Using previous scholarship on technical documentation and content management in TPC, this article presents a preliminary topic modeling (Blei et al., 2003) approach for automatically finding relationships between online comments. Comments will function as our form of UGC for the remainder of this article. Using topic modeling, our model can group together comments that are similar in their content—not by time or popularity. While this model is only an initial entry into automatically sorting UGC, we believe it has practical potential benefits for both moderators and users. Moderators could use this approach to sort comments in ways that prioritize emerging real-time threads or find comments related to their editorial choices. Alternatively, if website programmers enabled users to sort comments related to ones users’ favor, then users could sort comments in ways that were more useful to their preferences.

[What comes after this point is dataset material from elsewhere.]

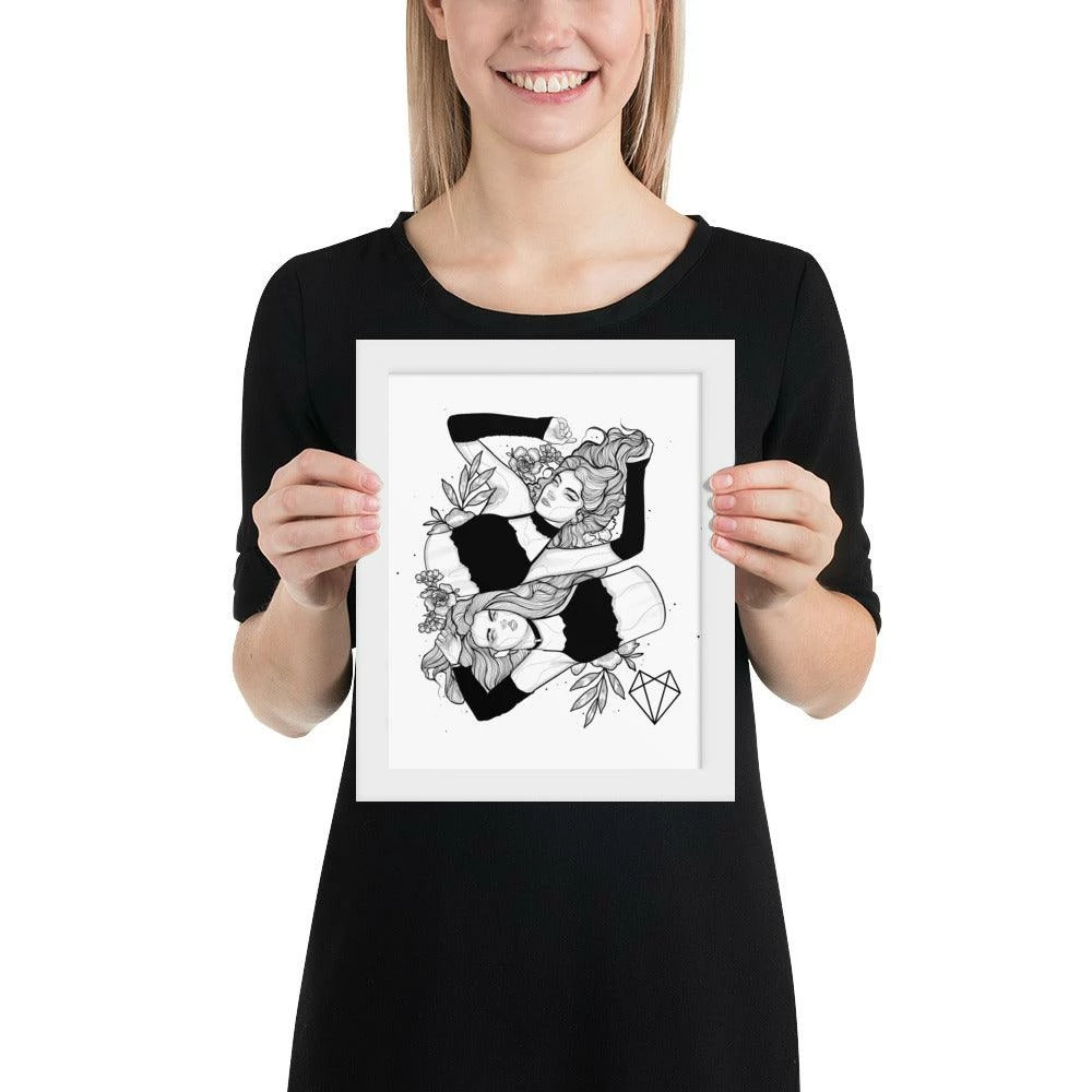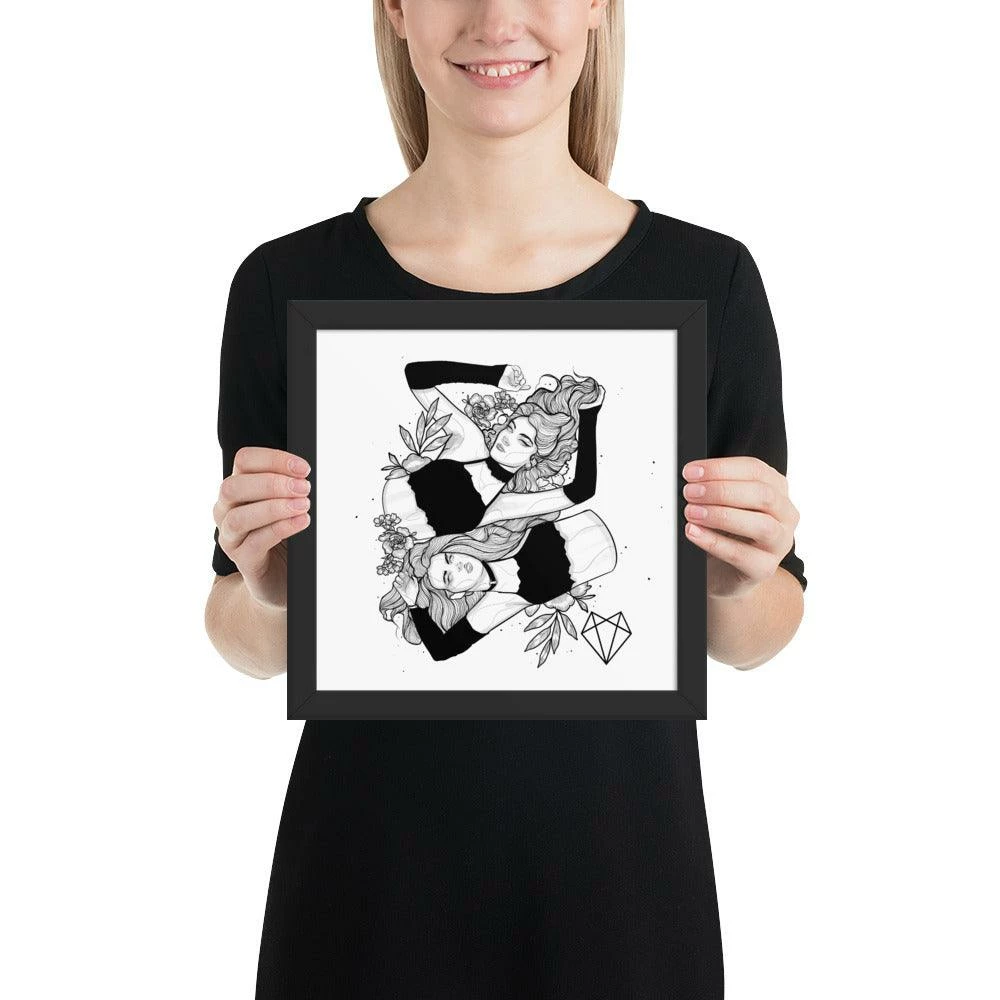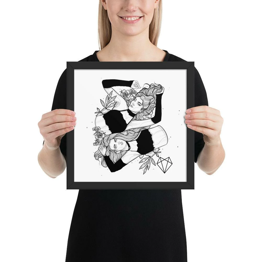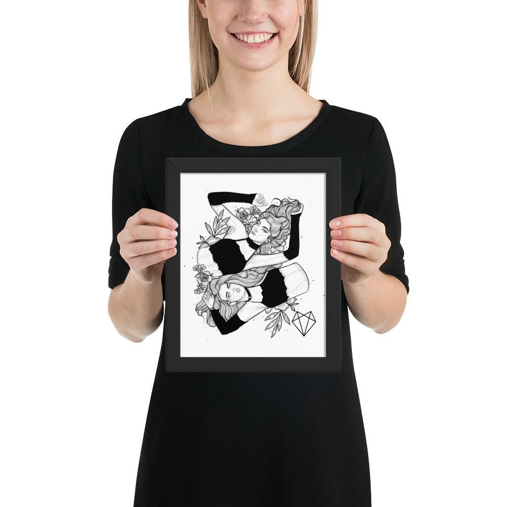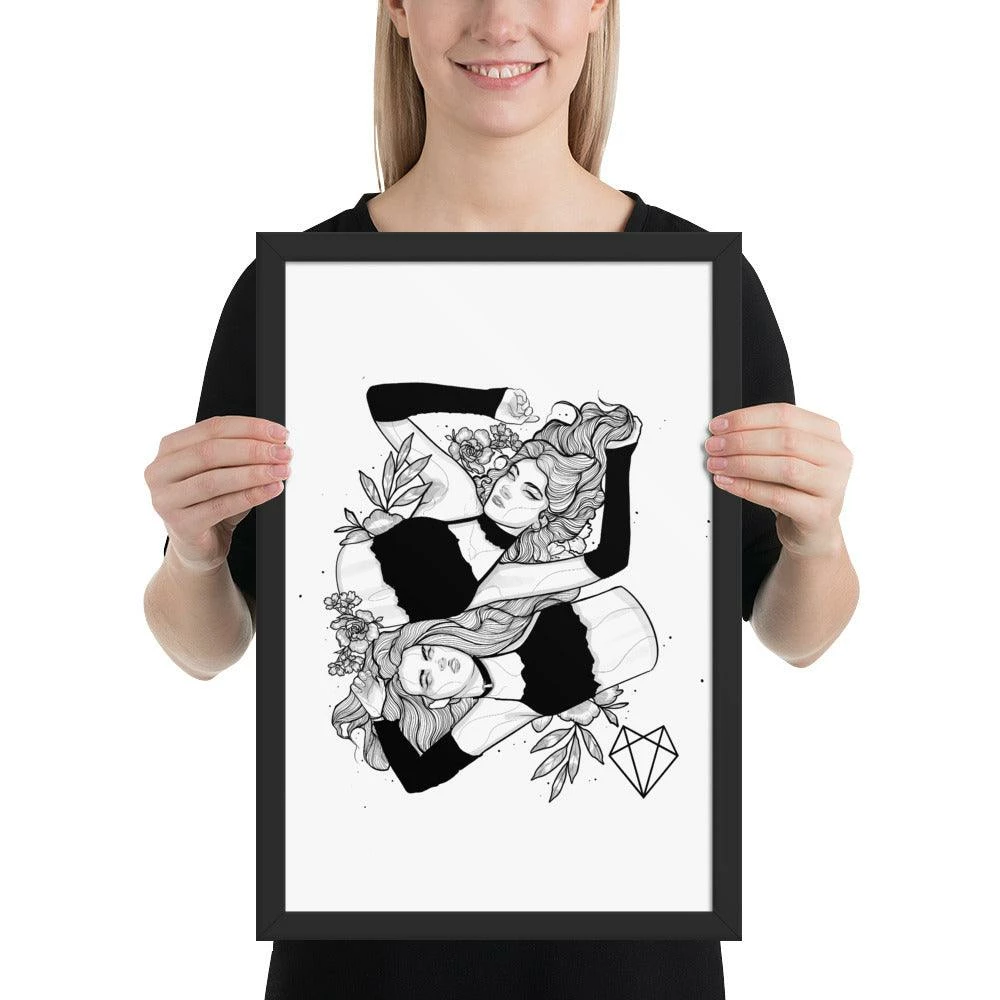 Make a statement in the room with classy, elegant art. Commissioned exclusively by Darkest Fox, this gorgeousΒ print is inspired by our muses and Darkest Vixens, Alli and Julie. Illustration by UK tattoo artist @wolfmumma.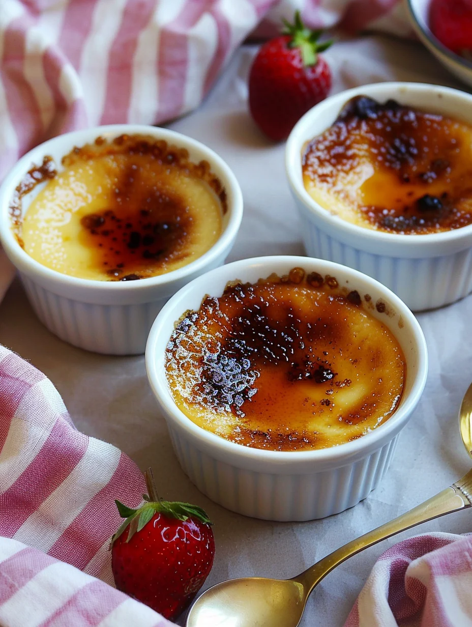 10. Caramelize Sugar: Before serving, sprinkle a thin layer of sugar over the top of each custard. Use a kitchen torch to caramelize the sugar until it’s golden and crisp. If you don’t have a torch, you can place the ramekins under a broiler for a few minutes, watching carefully to prevent burning.

MODERATING USER-GENERATED CONTENT: EXIGENCIES & LITERATURE REVIEW

The need for moderating content on the social web has long been a concern for technical communicators (Gentle, 2012). Wikis, reddit, and other spaces driven by UGC must also have their documentation monitored (Gentle, 2012, p. 92–129). Monitoring threads and “conversations” (Gallagher, 2020; Gallagher, 2018; Gentle, 2012, p. 68) presents opportunities for technical communicators to take on the role of community managers (Frith, 2017). Extending Frith (2017), Cagle & Herndl (2019) advocate for managing online communities—specifically climate change forums on reddit—by gamifying forum engagement, nesting comments, and identifying the forum’s ideal form of deliberation (pp. 35–36). Likewise, Pflugfelder (2017) identifies many exigencies that user questions may provide for technical communicators as managers and moderators. He examines “Explain Like I’m Five,” which is a forum “…where plain writing and technical descriptions flourish, albeit outside of a professional setting” (p. 26).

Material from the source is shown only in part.